■ Work order ■
Only one span of the listing below is wanted: the lines from the one with "An Indian kitchen" through the one with "Pot filler faucet: high", reproduced exactly, both ends kept.

■ Information ■
————————

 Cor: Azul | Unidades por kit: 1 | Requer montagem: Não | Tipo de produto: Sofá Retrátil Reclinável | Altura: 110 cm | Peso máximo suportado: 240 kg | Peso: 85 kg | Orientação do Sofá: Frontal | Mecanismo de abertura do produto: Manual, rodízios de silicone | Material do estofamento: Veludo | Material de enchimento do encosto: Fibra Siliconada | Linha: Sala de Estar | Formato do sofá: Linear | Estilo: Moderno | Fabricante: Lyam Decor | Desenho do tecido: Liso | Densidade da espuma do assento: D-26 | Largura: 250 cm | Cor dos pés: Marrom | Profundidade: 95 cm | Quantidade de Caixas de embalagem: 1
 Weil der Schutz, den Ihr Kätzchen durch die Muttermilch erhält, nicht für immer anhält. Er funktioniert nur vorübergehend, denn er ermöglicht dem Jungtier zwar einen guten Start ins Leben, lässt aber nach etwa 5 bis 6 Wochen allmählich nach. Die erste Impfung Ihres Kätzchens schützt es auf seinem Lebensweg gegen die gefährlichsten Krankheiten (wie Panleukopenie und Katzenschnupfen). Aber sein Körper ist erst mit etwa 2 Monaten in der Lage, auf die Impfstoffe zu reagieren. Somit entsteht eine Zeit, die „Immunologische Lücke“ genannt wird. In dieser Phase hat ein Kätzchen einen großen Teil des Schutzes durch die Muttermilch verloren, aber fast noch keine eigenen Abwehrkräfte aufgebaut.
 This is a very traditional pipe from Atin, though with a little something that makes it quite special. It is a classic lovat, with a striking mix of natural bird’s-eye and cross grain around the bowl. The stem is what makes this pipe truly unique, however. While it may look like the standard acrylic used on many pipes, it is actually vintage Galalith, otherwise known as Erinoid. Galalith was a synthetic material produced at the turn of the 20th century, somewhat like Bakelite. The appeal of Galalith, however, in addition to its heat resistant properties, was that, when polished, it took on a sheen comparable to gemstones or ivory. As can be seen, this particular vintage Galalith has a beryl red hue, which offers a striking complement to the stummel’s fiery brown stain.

————————

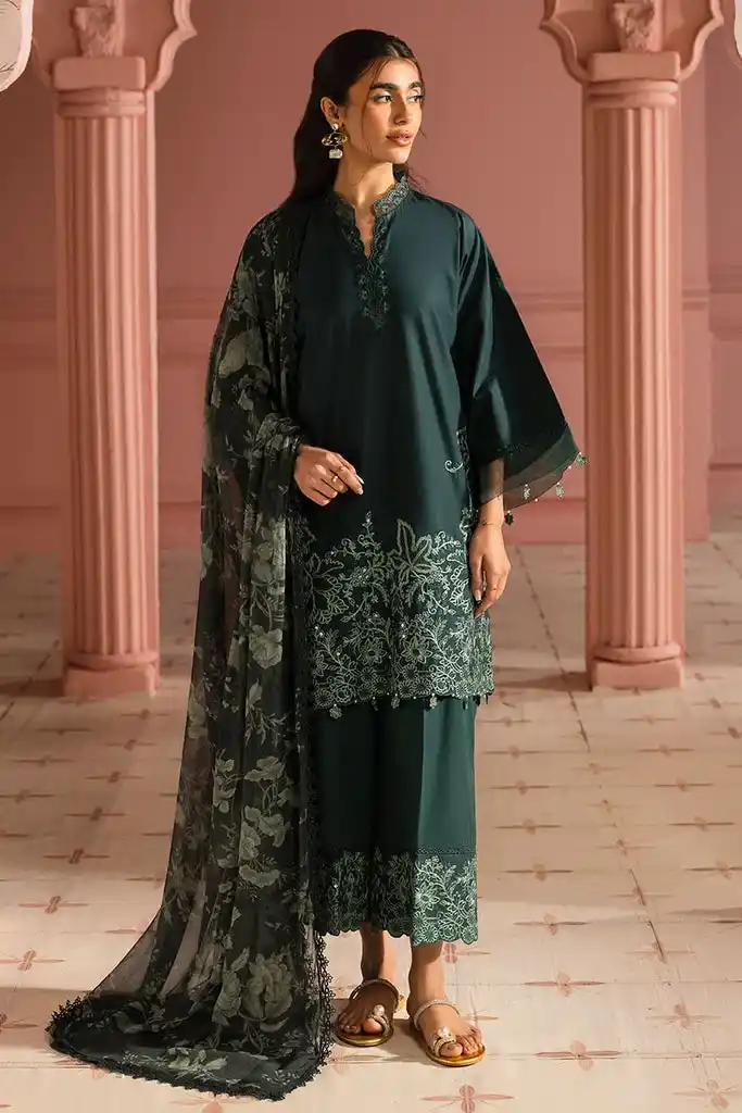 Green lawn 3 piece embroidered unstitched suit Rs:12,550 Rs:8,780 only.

————————

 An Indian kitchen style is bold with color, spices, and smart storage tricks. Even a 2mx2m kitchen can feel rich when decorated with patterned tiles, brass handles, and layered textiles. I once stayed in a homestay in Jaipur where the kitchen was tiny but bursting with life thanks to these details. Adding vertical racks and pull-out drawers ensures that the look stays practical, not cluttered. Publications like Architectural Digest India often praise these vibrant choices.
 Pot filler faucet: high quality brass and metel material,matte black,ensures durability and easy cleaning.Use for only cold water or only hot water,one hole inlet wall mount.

————————

■ Solution to the exercise ■
 An Indian kitchen style is bold with color, spices, and smart storage tricks. Even a 2mx2m kitchen can feel rich when decorated with patterned tiles, brass handles, and layered textiles. I once stayed in a homestay in Jaipur where the kitchen was tiny but bursting with life thanks to these details. Adding vertical racks and pull-out drawers ensures that the look stays practical, not cluttered. Publications like Architectural Digest India often praise these vibrant choices.
 Pot filler faucet: high quality brass and metel material,matte black,ensures durability and easy cleaning.Use for only cold water or only hot water,one hole inlet wall mount.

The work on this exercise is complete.